Influence of the variation of antisolvent ratio on xylitol solubility at 15 °C. (black square) ethanol, (black circle) isopropanol and (black up-pointing triangle) protic ionic liquid 2-hydroxyethanolamine acetate (2-HEAA)
The proportion of antisolvent chosen for the crystallization experiments was 50% (v/v or w/v for 2-HEAA). The ratios of 10% and 30% were not used because they did not result in significant changes in solubility, and at 70% and 90%, it was very difficult to solubilize xylitol.
To better understand the thermodynamic behavior involving the solubility values, the activity coefficients were calculated, since they are a good indication of how the interactions between molecules deviates from the ideal behavior as a function of the molar fraction of each medium. According to Fig. 4, the initial values for the activity coefficients are higher, since, at that stage, they are the most distant from ideality and the interactions between solutes are minimal due to their low concentration in solution. As the molar fraction increases, so does the solute concentrations, which results in a decrease in the activity coefficients and an increase in the deviation from ideality.
Xylitol activity coefficients by mass fraction in different aqueous solutions: water (a), 50% (v/v) ethanol (b), 50% (v/v) isopropanol (c), and 50% (w/v) 2-hydroxyethanolamine acetate-water (d)

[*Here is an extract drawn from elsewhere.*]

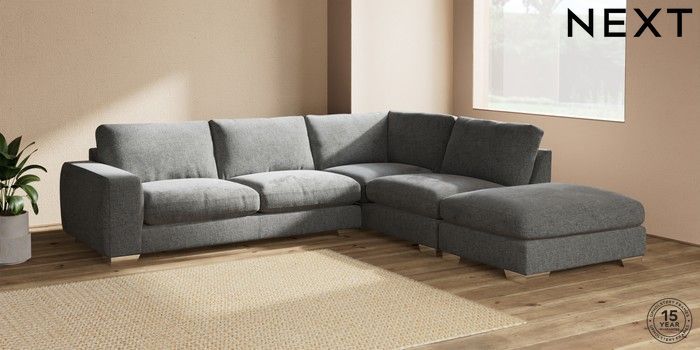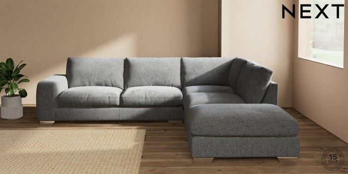 7.2.10 Houghton Deep Relaxed Sit Large Open End Corner Chaise - Right Hand Chunky Chenille Dark Grey Large Square Angle - Chrome Metal | Made Click here to use our website with more accessibility support, for example screen readers

The lowest values of the activity coefficients were found to be for the medium containing water, since it presented the highest solubility of xylitol and the largest molar fraction (Fig. 4).
Figure 5 shows the molar fraction of the xylitol as a function of temperature, for the different solutions evaluated. The solubility of xylitol increased with increasing temperature and the addition of antisolvents promoted a decrease in the solubility, as expected. The 50% (v/v) isopropanol solution presented greater solubility at high temperatures and lower solubility at low temperatures. These results are consistent with the data presented in Fig. 2. However, there is no significant difference in the solubility of xylitol in the different solutions evaluated at low temperatures. Thus being, all antisolvents were evaluated to verify the possible interference of the substances present in the hemicellulosic hydrolysate in the crystallization process.

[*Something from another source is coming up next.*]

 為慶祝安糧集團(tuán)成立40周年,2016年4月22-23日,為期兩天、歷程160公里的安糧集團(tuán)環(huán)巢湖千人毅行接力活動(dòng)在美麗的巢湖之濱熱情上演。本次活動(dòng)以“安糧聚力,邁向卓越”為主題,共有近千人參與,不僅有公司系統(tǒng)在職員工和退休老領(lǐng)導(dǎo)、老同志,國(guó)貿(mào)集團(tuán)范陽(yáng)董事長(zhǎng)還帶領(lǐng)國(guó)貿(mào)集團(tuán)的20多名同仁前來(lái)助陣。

Influence of the temperature on the molar fraction of xylitol in different aqueous solutions: pure water (black square); 50% v/v ethanol (black circle); 50% v/v isopropanol (black up-pointing triangle); and 50% (w/v) 2-hydroxyethanolamine acetate (black down-pointing triangle)
Xylitol crystallization
Table 3 shows the yields of the crystallization processes of xylitol, conducted at different antisolvent ratios and cooling rates (VC), as well as a comparison of these processes to the commercial (synthetic) xylitol solution.
The process conducted is known as secondary crystallization, due to the crystallization taking place after the addition of crystals to the supersaturated solution (200 g/L xylitol). The studies started at a temperature of 10 °C above of the saturation temperature of each solution, to ensure that all xylitol present would be effectively dissolved. As the temperature decreased and approached saturation, crystals were added to induce its formation. In the experiments using commercial xylitol, the yields were similar for all tested antisolvents.
However, in the experiments using the hemicellulosic hydrolysate, it was observed that some conditions did not favor crystallization, especially those using the protic ionic liquid (2-HEAA). This was probably due to the liquid not being efficient as an antisolvent, since it was where xylitol presented the highest solubility, as shown in Fig. 2. According to Diniz et al. [35], the pKas of the molecules involved is an important factor for the formation of crystals. The acid character of 2-HEAA in conjunction with the pH of the xylitol solution (hydrolysate), which was also acid, did not favor the formation of crystals in these studies and crystallization did not occur.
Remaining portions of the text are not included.